# Crime scene



## Bullybreed (Jun 25, 2007)

Tonite taken it easy with the wife watchen crime scene 360 while smoken a vintage quintaro(4yrs) a nice 10 min smoke and tasty chilled glass of irish cream.


----------



## jitzy (Jan 7, 2007)

very nice


----------



## karmaz00 (Dec 5, 2007)

nice...10 min smoke?


----------



## sofaman (Jun 20, 2007)

Very Nice!!!


----------



## m69c44 (Nov 5, 2007)

Very nice


----------



## g_flores (May 11, 2008)

I see...sounds like a solid evening!


----------



## big04deuce (May 16, 2008)

Nothing like quality time!!!


----------



## tx_tuff (Jun 16, 2007)

Shot in the right back of the head at 4 or 5 inchs away "b*tch stole my money"


----------



## dj5213 (Apr 7, 2008)

looks like some good quality time, just finished having some myself!! great pictures!!


----------



## Fatmandu (Mar 18, 2008)

Nice!


----------



## jam (Dec 29, 2007)

very nice


----------



## Paint (Mar 1, 2008)

Sounds like you had some quality honey time...


----------



## LkyLindy (Feb 1, 2008)

AHHHHHHHHH The good life


----------



## DBCcigar (Apr 24, 2008)

How was the cigar?

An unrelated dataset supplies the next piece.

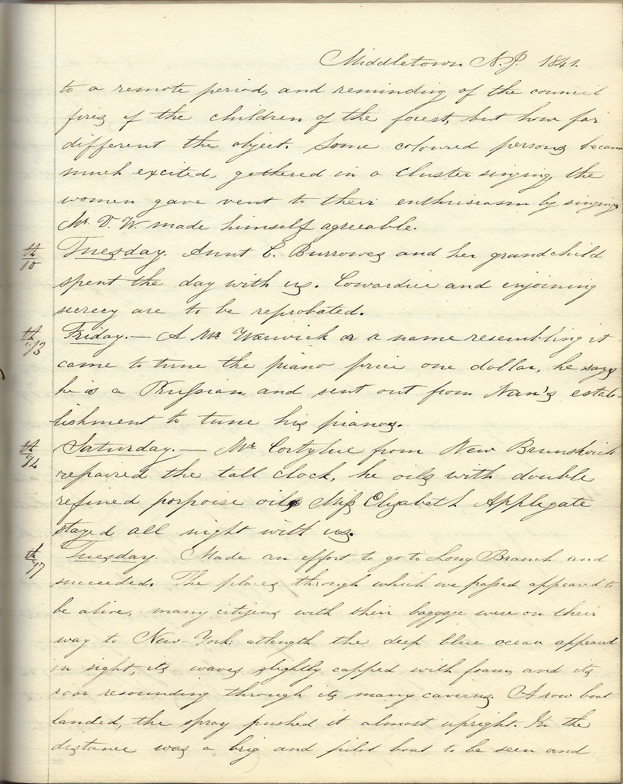 Tuesday 17th. Made an effort to go to Long Branch and succeeded. The places through which we passed appeared to be alive. Many citizens with their baggage were on their way to New York. Although the deep blue ocean appeared in sight, its waves slightly capped with foam and its roar resounding through its many caverns. A row boat landed. The spray pushed it almost upright. In the distance was a brig and pilot boat to be seen and just on the verge of the horizon, more schooners from the South. The boarders were numerous. Some visitors from up in the country had come to look at the sea. The parlor was plain, garnished with a glaring carpet in which yellow predominated. A history of New Jersey laid upon the table.
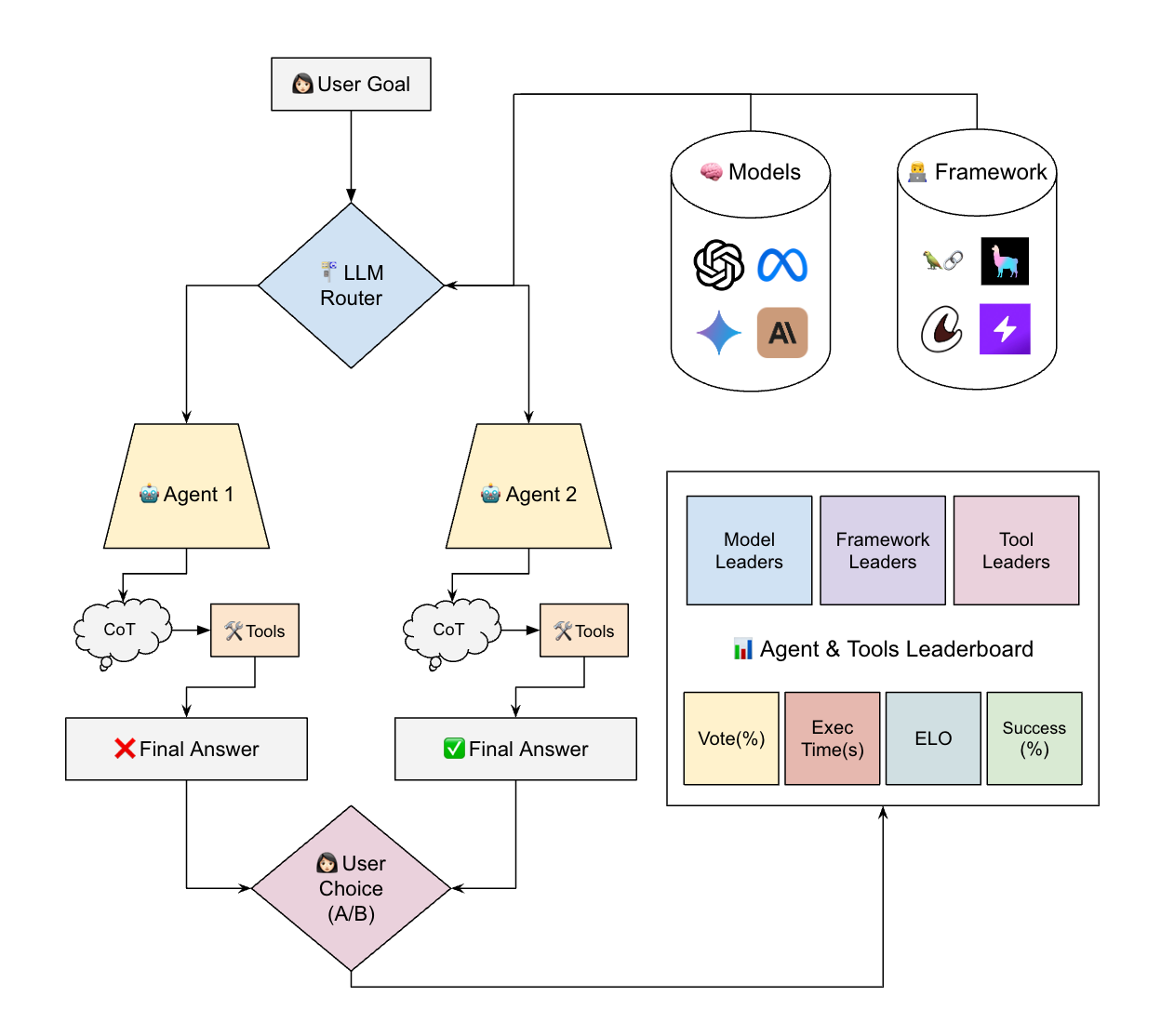 The evaluation process includes voting on agent performance, with users assessing which agent met the task’s requirements more effectively. This user-driven evaluation contributes to an evolving leaderboard system, which ranks agents based on their relative performance across multiple tasks and competitions. This comparison is not limited to the agents as a whole but extends to the individual components (i.e., LLM models, tools, and frameworks) that comprise each agent.

That's one I have not tried yet....


----------



## Bullybreed (Jun 25, 2007)

its a great little smoke, slight nutty chocolate taste, its smaller than what it looks like in the pic, its a quik 10 min everyday type cigar.


----------



## DBCcigar (Apr 24, 2008)

Sounds tasty. 

Thanks.


----------